Excerpts from a dataset
---------------

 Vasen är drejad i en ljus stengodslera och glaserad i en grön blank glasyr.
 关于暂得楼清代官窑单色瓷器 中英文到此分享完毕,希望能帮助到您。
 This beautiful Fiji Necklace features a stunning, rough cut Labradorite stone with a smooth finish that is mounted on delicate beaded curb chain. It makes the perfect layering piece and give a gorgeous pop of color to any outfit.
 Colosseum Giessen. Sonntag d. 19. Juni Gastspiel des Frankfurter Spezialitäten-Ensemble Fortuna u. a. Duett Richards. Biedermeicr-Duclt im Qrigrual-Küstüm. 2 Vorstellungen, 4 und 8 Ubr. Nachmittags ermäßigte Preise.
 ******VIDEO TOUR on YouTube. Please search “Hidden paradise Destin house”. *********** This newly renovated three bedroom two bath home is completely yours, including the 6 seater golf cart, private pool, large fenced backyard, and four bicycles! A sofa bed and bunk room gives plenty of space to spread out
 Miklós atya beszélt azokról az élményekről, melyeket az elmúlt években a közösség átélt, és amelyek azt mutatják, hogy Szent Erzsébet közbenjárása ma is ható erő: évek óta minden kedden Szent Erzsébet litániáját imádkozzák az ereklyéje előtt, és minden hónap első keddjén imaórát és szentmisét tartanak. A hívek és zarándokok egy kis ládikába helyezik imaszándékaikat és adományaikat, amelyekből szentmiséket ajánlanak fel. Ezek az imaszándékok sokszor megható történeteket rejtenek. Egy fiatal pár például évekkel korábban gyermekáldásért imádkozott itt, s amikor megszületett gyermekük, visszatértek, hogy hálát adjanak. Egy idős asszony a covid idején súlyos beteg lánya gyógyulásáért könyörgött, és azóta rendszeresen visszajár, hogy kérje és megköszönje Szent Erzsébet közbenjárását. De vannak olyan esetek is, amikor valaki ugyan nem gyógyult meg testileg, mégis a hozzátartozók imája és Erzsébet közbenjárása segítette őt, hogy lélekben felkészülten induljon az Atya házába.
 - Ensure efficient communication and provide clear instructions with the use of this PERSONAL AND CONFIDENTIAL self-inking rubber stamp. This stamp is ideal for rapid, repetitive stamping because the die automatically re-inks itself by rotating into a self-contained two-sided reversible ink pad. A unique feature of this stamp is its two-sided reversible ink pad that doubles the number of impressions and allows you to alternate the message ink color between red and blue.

---------------

_TASK DESCRIPTION_: Copy the data once more. Leave nothing out.

_RESPONSE_:
 Vasen är drejad i en ljus stengodslera och glaserad i en grön blank glasyr.
 关于暂得楼清代官窑单色瓷器 中英文到此分享完毕,希望能帮助到您。
 This beautiful Fiji Necklace features a stunning, rough cut Labradorite stone with a smooth finish that is mounted on delicate beaded curb chain. It makes the perfect layering piece and give a gorgeous pop of color to any outfit.
 Colosseum Giessen. Sonntag d. 19. Juni Gastspiel des Frankfurter Spezialitäten-Ensemble Fortuna u. a. Duett Richards. Biedermeicr-Duclt im Qrigrual-Küstüm. 2 Vorstellungen, 4 und 8 Ubr. Nachmittags ermäßigte Preise.
 ******VIDEO TOUR on YouTube. Please search “Hidden paradise Destin house”. *********** This newly renovated three bedroom two bath home is completely yours, including the 6 seater golf cart, private pool, large fenced backyard, and four bicycles! A sofa bed and bunk room gives plenty of space to spread out
 Miklós atya beszélt azokról az élményekről, melyeket az elmúlt években a közösség átélt, és amelyek azt mutatják, hogy Szent Erzsébet közbenjárása ma is ható erő: évek óta minden kedden Szent Erzsébet litániáját imádkozzák az ereklyéje előtt, és minden hónap első keddjén imaórát és szentmisét tartanak. A hívek és zarándokok egy kis ládikába helyezik imaszándékaikat és adományaikat, amelyekből szentmiséket ajánlanak fel. Ezek az imaszándékok sokszor megható történeteket rejtenek. Egy fiatal pár például évekkel korábban gyermekáldásért imádkozott itt, s amikor megszületett gyermekük, visszatértek, hogy hálát adjanak. Egy idős asszony a covid idején súlyos beteg lánya gyógyulásáért könyörgött, és azóta rendszeresen visszajár, hogy kérje és megköszönje Szent Erzsébet közbenjárását. De vannak olyan esetek is, amikor valaki ugyan nem gyógyult meg testileg, mégis a hozzátartozók imája és Erzsébet közbenjárása segítette őt, hogy lélekben felkészülten induljon az Atya házába.
 - Ensure efficient communication and provide clear instructions with the use of this PERSONAL AND CONFIDENTIAL self-inking rubber stamp. This stamp is ideal for rapid, repetitive stamping because the die automatically re-inks itself by rotating into a self-contained two-sided reversible ink pad. A unique feature of this stamp is its two-sided reversible ink pad that doubles the number of impressions and allows you to alternate the message ink color between red and blue.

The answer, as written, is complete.